How to complete this task: In the records below, print each line exactly and leave every image out.

═══

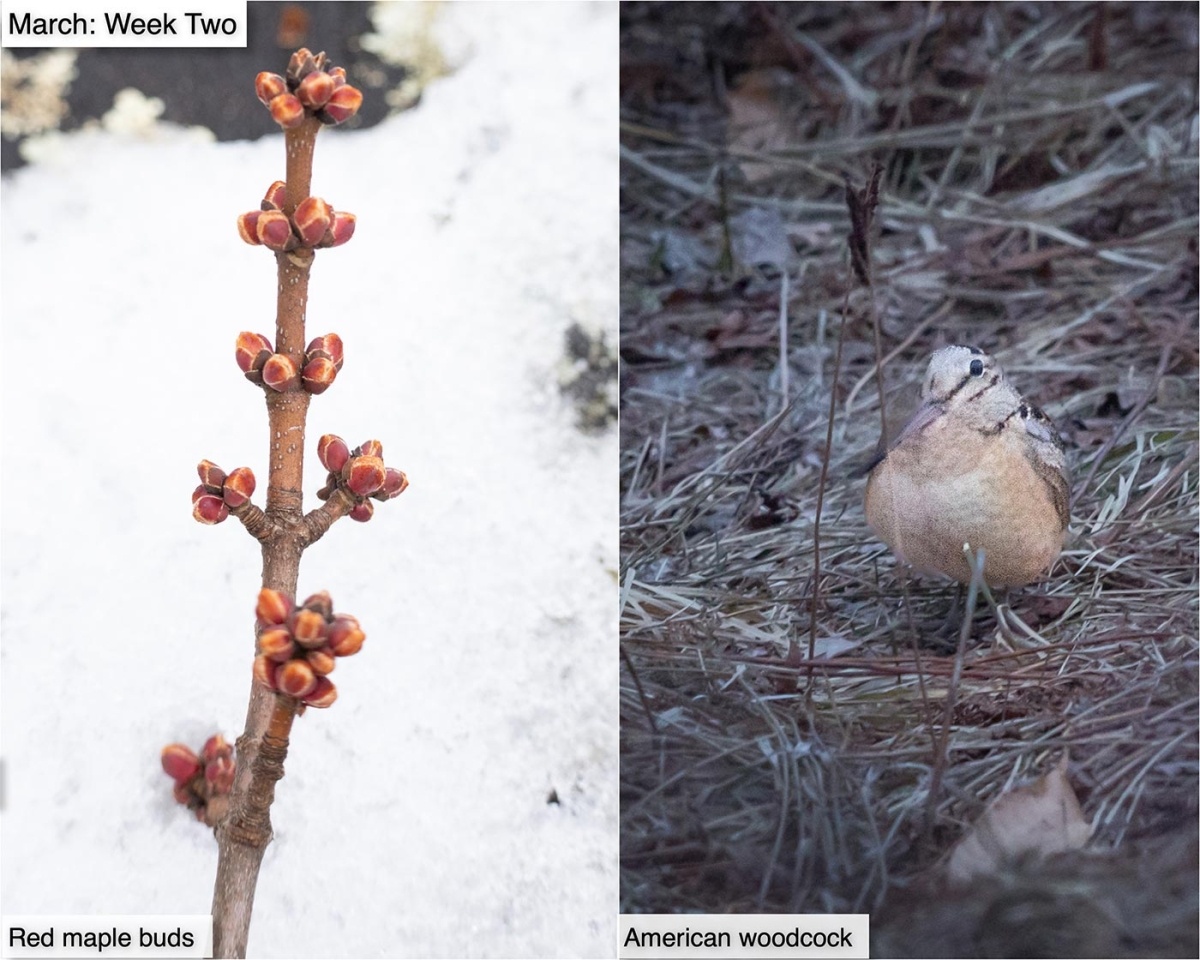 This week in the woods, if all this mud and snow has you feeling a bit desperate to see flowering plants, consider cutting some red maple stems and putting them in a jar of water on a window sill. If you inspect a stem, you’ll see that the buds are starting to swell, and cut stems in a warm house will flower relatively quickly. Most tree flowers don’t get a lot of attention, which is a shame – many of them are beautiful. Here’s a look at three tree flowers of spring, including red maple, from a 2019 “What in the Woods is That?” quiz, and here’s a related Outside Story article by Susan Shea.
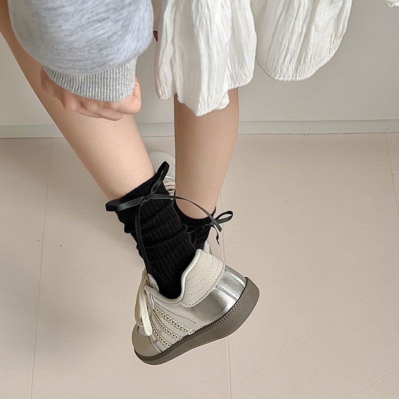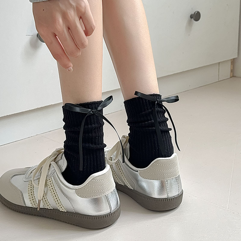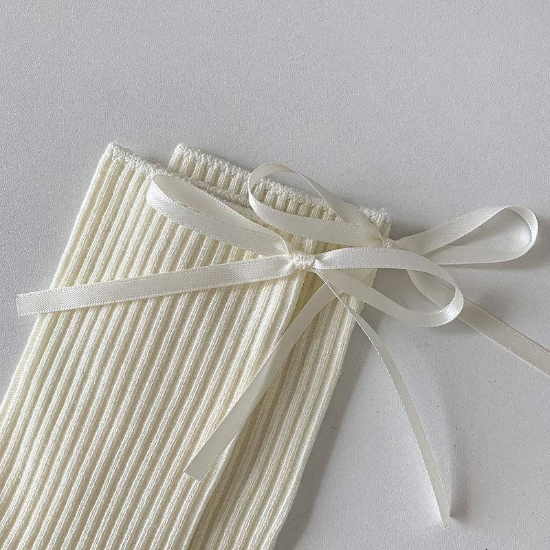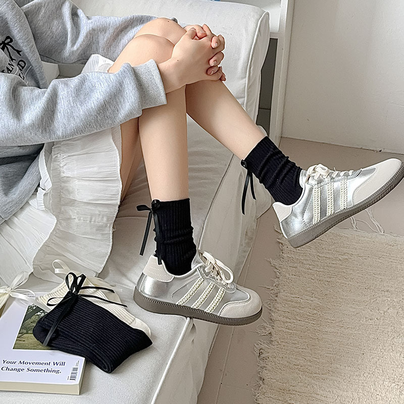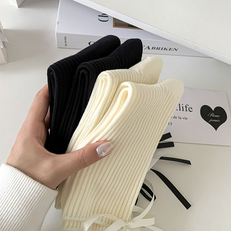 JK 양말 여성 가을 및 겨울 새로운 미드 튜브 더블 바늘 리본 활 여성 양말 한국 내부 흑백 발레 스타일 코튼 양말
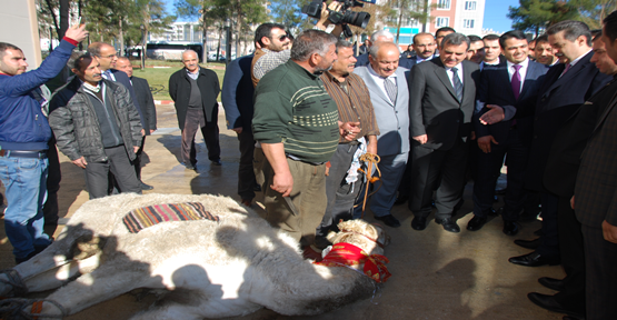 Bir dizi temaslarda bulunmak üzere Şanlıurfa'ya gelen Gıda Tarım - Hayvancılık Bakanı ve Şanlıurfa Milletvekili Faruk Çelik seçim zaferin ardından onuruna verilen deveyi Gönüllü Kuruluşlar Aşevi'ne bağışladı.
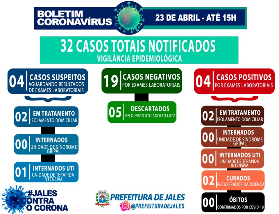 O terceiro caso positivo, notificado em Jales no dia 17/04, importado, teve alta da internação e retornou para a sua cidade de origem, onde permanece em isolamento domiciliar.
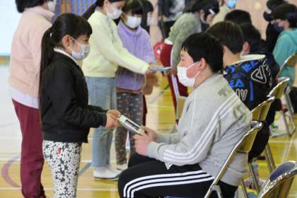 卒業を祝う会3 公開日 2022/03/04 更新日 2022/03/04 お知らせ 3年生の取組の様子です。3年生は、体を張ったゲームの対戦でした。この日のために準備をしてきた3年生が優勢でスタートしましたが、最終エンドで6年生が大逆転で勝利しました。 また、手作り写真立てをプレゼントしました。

═══

Output for this task:
 This week in the woods, if all this mud and snow has you feeling a bit desperate to see flowering plants, consider cutting some red maple stems and putting them in a jar of water on a window sill. If you inspect a stem, you’ll see that the buds are starting to swell, and cut stems in a warm house will flower relatively quickly. Most tree flowers don’t get a lot of attention, which is a shame – many of them are beautiful. Here’s a look at three tree flowers of spring, including red maple, from a 2019 “What in the Woods is That?” quiz, and here’s a related Outside Story article by Susan Shea.
 JK 양말 여성 가을 및 겨울 새로운 미드 튜브 더블 바늘 리본 활 여성 양말 한국 내부 흑백 발레 스타일 코튼 양말
 Bir dizi temaslarda bulunmak üzere Şanlıurfa'ya gelen Gıda Tarım - Hayvancılık Bakanı ve Şanlıurfa Milletvekili Faruk Çelik seçim zaferin ardından onuruna verilen deveyi Gönüllü Kuruluşlar Aşevi'ne bağışladı.
 O terceiro caso positivo, notificado em Jales no dia 17/04, importado, teve alta da internação e retornou para a sua cidade de origem, onde permanece em isolamento domiciliar.
 卒業を祝う会3 公開日 2022/03/04 更新日 2022/03/04 お知らせ 3年生の取組の様子です。3年生は、体を張ったゲームの対戦でした。この日のために準備をしてきた3年生が優勢でスタートしましたが、最終エンドで6年生が大逆転で勝利しました。 また、手作り写真立てをプレゼントしました。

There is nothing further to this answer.